Cotton Bowl Classic, L 10–35 vs. Texas A&M
- Conference: Independent

Ranking
- AP: No. 17
- Record: 8–4
- Head coach: Lou Holtz (2nd season);
- Offensive scheme: Wishbone triple option
- Defensive coordinator: Foge Fazio (2nd season)
- Base defense: 4–3
- MVP: Tim Brown
- Captains: Chuck Lanza; Byron Spruell;
- Home stadium: Notre Dame Stadium

= 1987 Notre Dame Fighting Irish football team =

American college football season

The 1987 Notre Dame Fighting Irish football team was an American football team that represented the University of Notre Dame as an independent during the 1987 NCAA Division I-A football season. In their second year under head coach Lou Holtz, the Irish compiled an 8–4 record, outscored opponents by a total of 329 to 183, and were ranked No. 17 in the final AP poll. They opened the season with victories over No. 9 Michigan and No. 17 Michigan State, were ranked as high as No. 4, and lost the last three games of the season to unranked Penn State, No. 2 Miami (FL), and in the Cotton Bowl to No. 13 Texas A&M.

Wide receiver and return specialist Tim Brown tallied 1,843 all-purpose yards (including 846 receiving and 857 on kickoff and punt returns), won the Heisman Trophy, and was a consensus first-team pick on the 1987 All-America college football team.

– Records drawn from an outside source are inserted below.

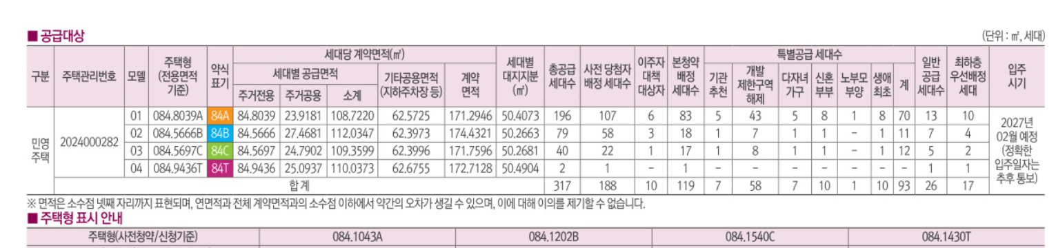 ✅ 타입 : 84A, 84B, 84C, 84T 제곱미터
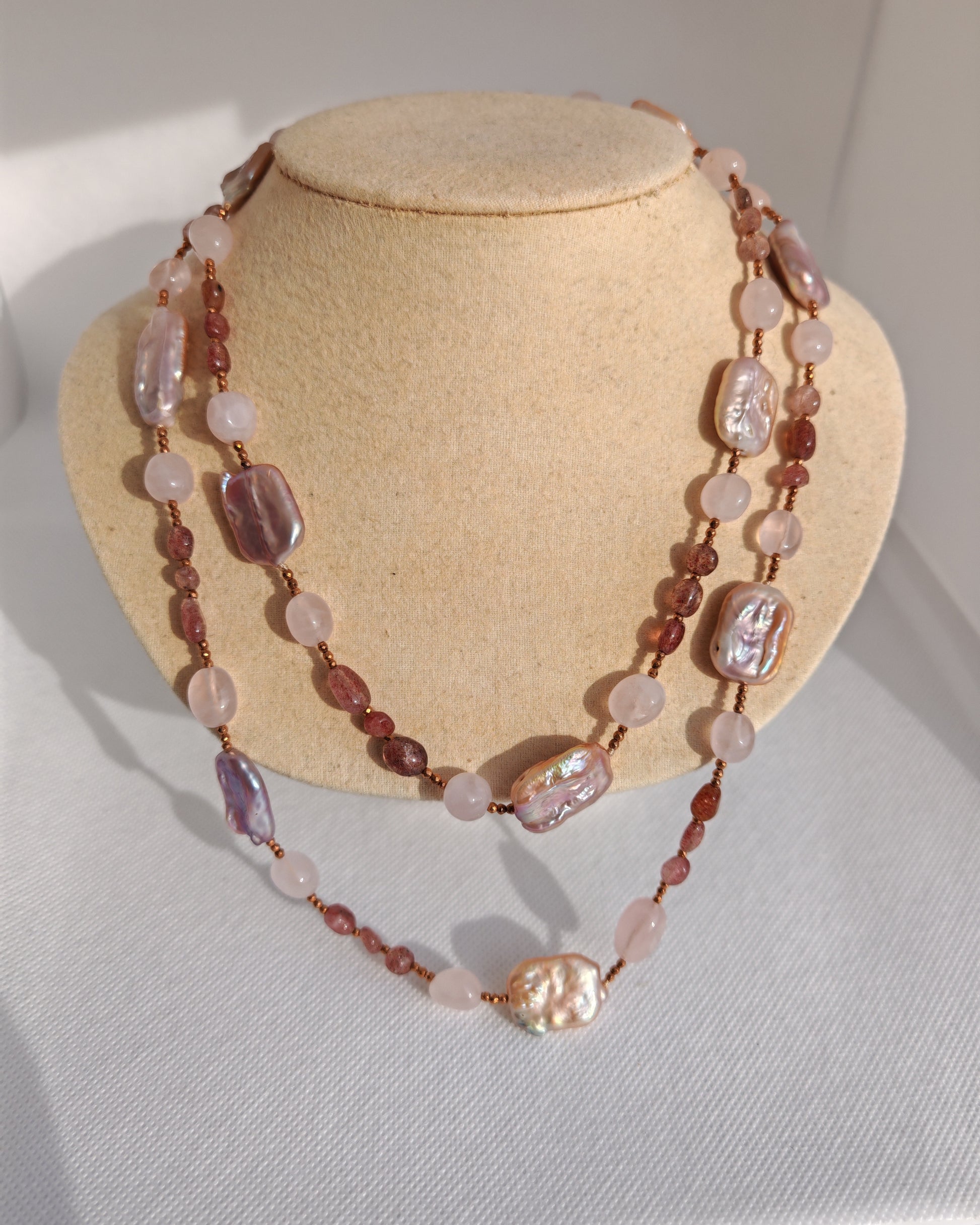 Lavorazione a filo: Questa tecnica artigianale garantisce flessibilità e fluidità, permettendo alla collana di avvolgersi morbidamente intorno al collo in uno o più giri.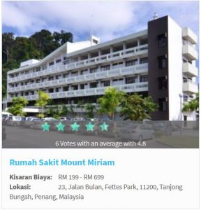 Sementara itu, untuk melihat daftar rumah sakit dan perkiraan biaya yang akan kita keluarkan, kita bisa mengakses menu RUMAH SAKIT. Pada menu ini terdapat informasi rumah sakit yang berada di Penang, fasilitas & layanan yang diberikan setiap rumah sakit, biaya & paket yang ditawarkan, serta lokasi rumah sakit tersebut berada. Misalkan kita tertarik dengan rumah sakit tertentu, kita juga dapat melihat rating rumah sakit tersebut berdasarkan pengalaman orang lain yang pernah datang sebelumnya.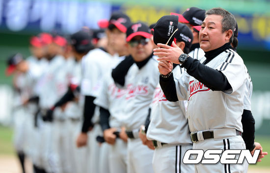 경기에 앞서 LG 김기태 감독이 입장해 팬들에게 인사를 하고 있다.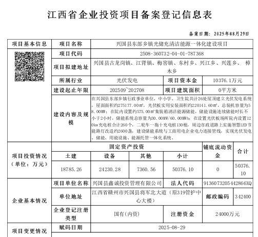 興行審投資字〔2025〕780號興國縣東部鄉鎮光儲充清潔能源一體化建設項目備案通知書
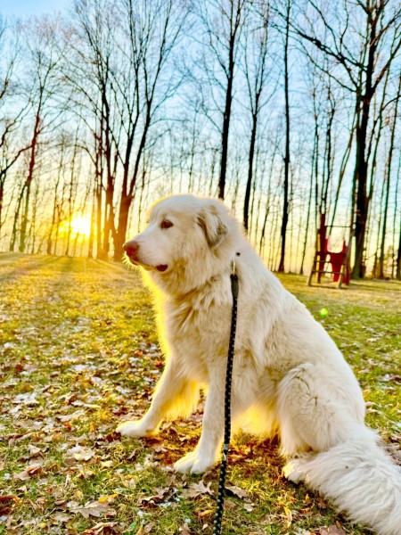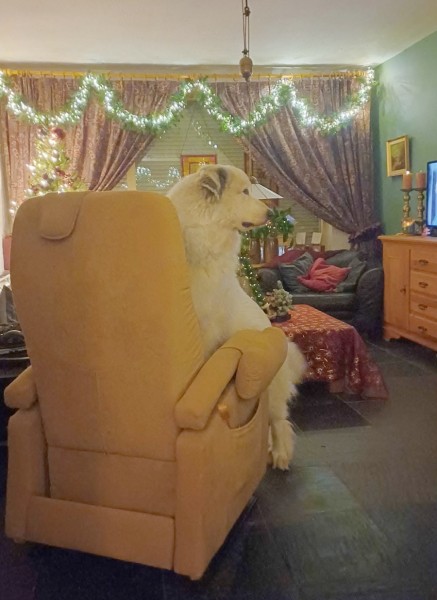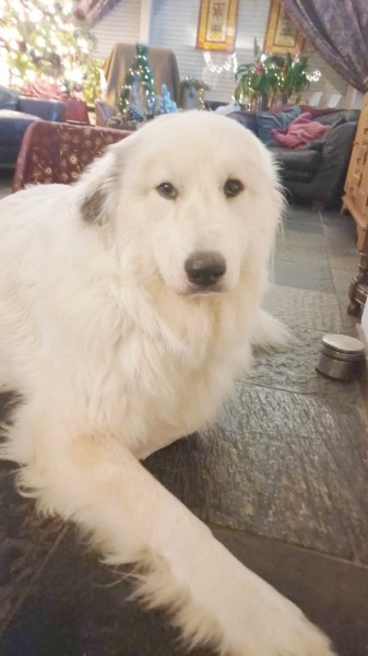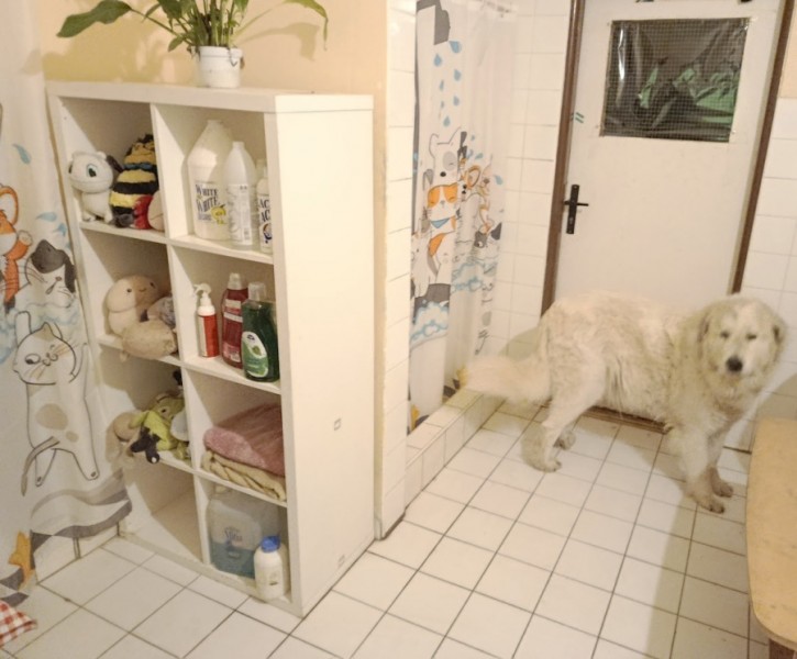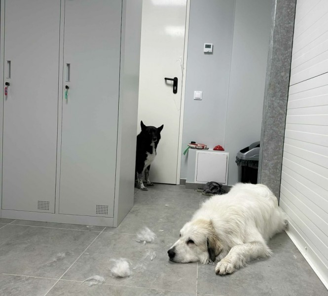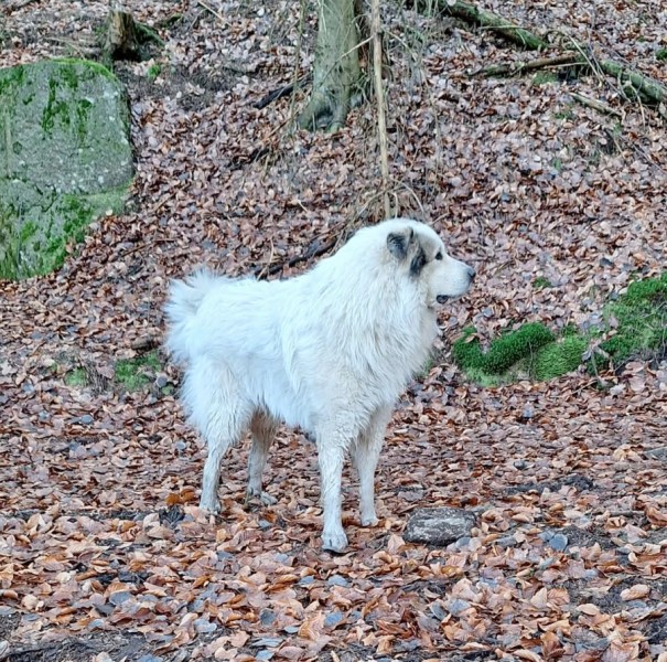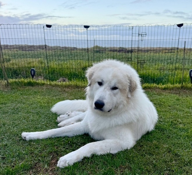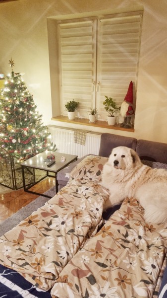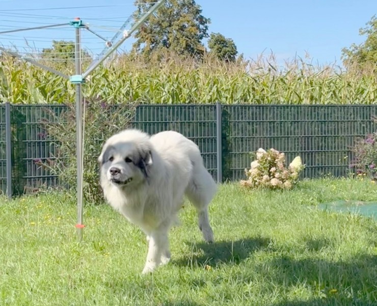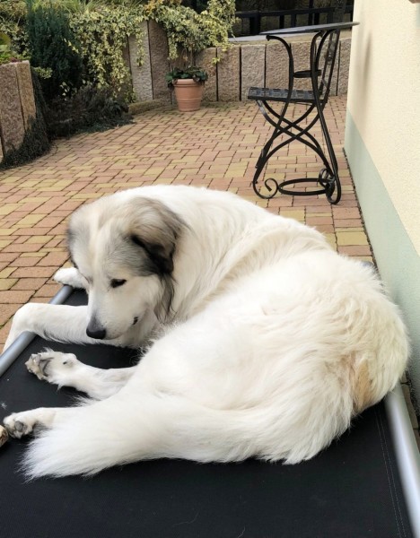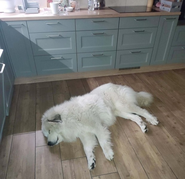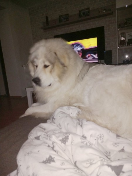 stejně jako fenka pyrenejského ovčáka týden před porodem!

Center Chuck Lanza also received first-team All-America honors from Football News and the NEA. Linebacker Ned Bolcar was named the CBS/Chevrolet Defensive Player of the Year. The team's other statistical leaders during the regular season included quarterbacks Tony Rice (663 passing yards, 104.9 passer rating) and Terry Andrysiak (480 passing yards, 122.3 passer rating), running back Mark Green (861 rushing yards), kicker Tim Gradel (75 points scored, 33 of 33 PAT, 14 of 18 field goals), and Bolcar (106 tackles).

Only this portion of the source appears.